Monopolies would be obsolete.
Local solutions would flourish.
And yes—rural folks wouldn’t be stuck with a failing fortress 30 miles away when all they needed was an urgent care on Main Street.
Lets put this into context–If instead of a 500 employee megalith hospital center fails, it’s a harder package to replace than a 30-50 employee operation. Oh, and worried about those expensive machines that ‘only the big guys can afford?’ See below.
My $60 X-Ray
Let me offer a real-world example.
Not long ago, I needed a chest X-ray. I didn’t go to a major hospital with marble floors and 17 vice presidents. I went to a private imaging clinic. Two shots. Professional staff. Quick turnaround.
Cost? Sixty dollars.
No fanfare, no billing maze, no five-page explanation of benefits.
It worked—because it was small, efficient, and unencumbered by the bureaucratic sclerosis that defines most major hospital systems today.
So what’s the solution?
It’s not banning private equity or adding more federal micromanagement.
It’s shrinking government’s footprint in the economy.
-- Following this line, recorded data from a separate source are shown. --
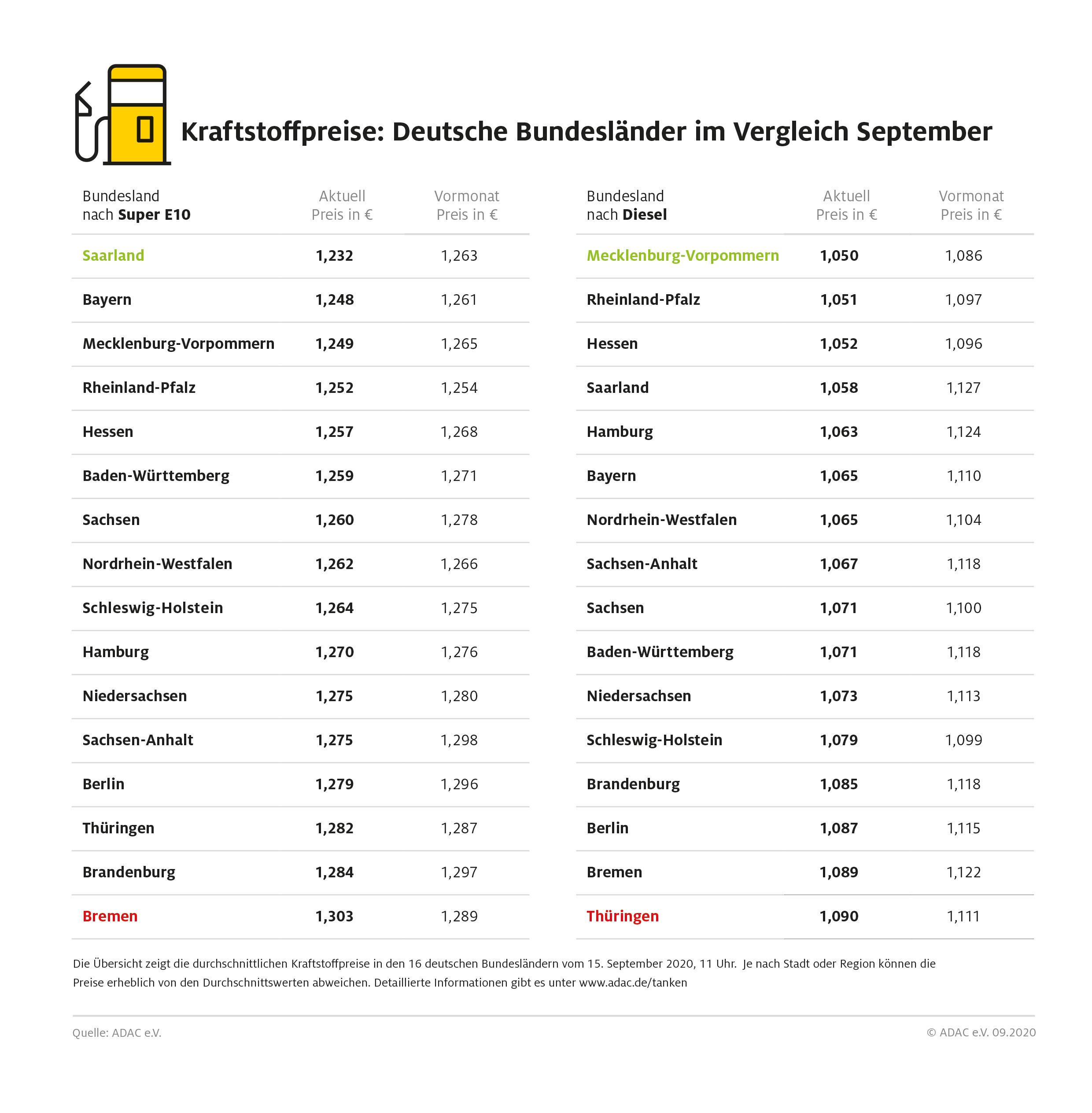 Diesel ist mit durchschnittlich 1,050 Euro je Liter in Mecklenburg-Vorpommern am günstigsten. In Thüringen, dem teuersten Bundesland, müssen Autofahrer mit 1,090 Euro je Liter 4,0 Cent mehr bezahlen. Auffällig ist, dass man im Stadtstaat Bremen besonders teuer tankt. Auch Diesel ist hier mit durchschnittlich 1,089 Euro je Liter nur unwesentlich billiger als in Thüringen. Traditionell sind die Kraftstoffpreise in Stadtstaaten eher günstig.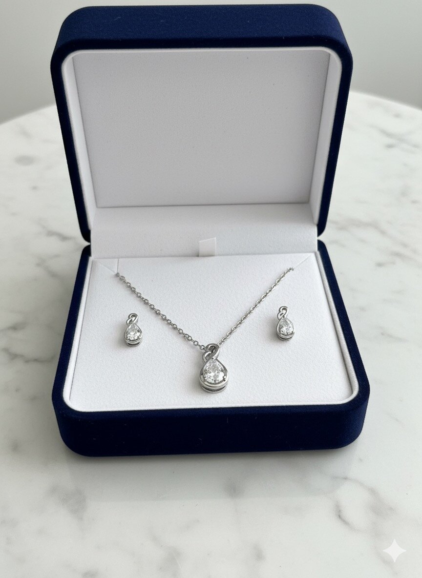 Magnifique ensemble de bijoux en argent comprenant un collier et des boucles d'oreilles assorties. Parfait pour ajouter une touche d'élégance à toute tenue. Idéal pour les soirées et comme cadeau raffiné.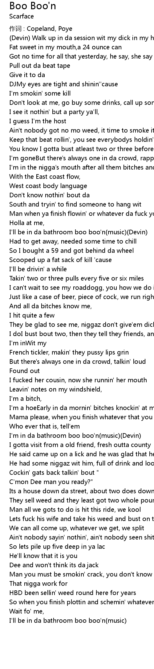 | I' ll be in da bathroom boo boo' n music Devin | |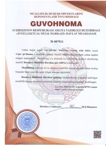 | 2193 | №007911 | O‘quv qo‘llanma – "ACADEMIC WRITING: TYPES AND TIPS" | Rasulova Mahbuba Ravshan qizi | Rasulova Mahbuba Ravshan qizi | 08/29/2024 | ![]() |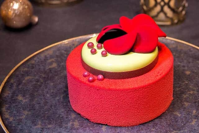 今年の新作<THE KAHALA CHRISTMAS 2025 “ROUGE”>は、その名の通り真っ赤なケーキ。フリュイルージュ(赤い果実)を使った鮮やかな色使いには、ピスタチオクリームでクリスマスカラーの緑をプラス。トッピングしたチョコレートの花はポインセチアやシクラメンではなく、ハワイのフラワーレイに好んで使われるプルメリアを選ぶのも、ザ・カハラ 横浜ならではのこだわりです。

It’s repealing Certificate of Need laws and letting people solve problems with creativity, technology, and yes—capital investment unshackled from crony rules.
Keep fraud laws? Absolutely.
Protect patients from snake oil? Of course.
But quit pretending that Lansing or the federal government can regulate us into a better future while it protects the worst parts of the past.
Final Word
You can call it Reaganomics, call it capitalism, or call it common sense:
Let the people build. Let the ideas compete. Let the patient choose.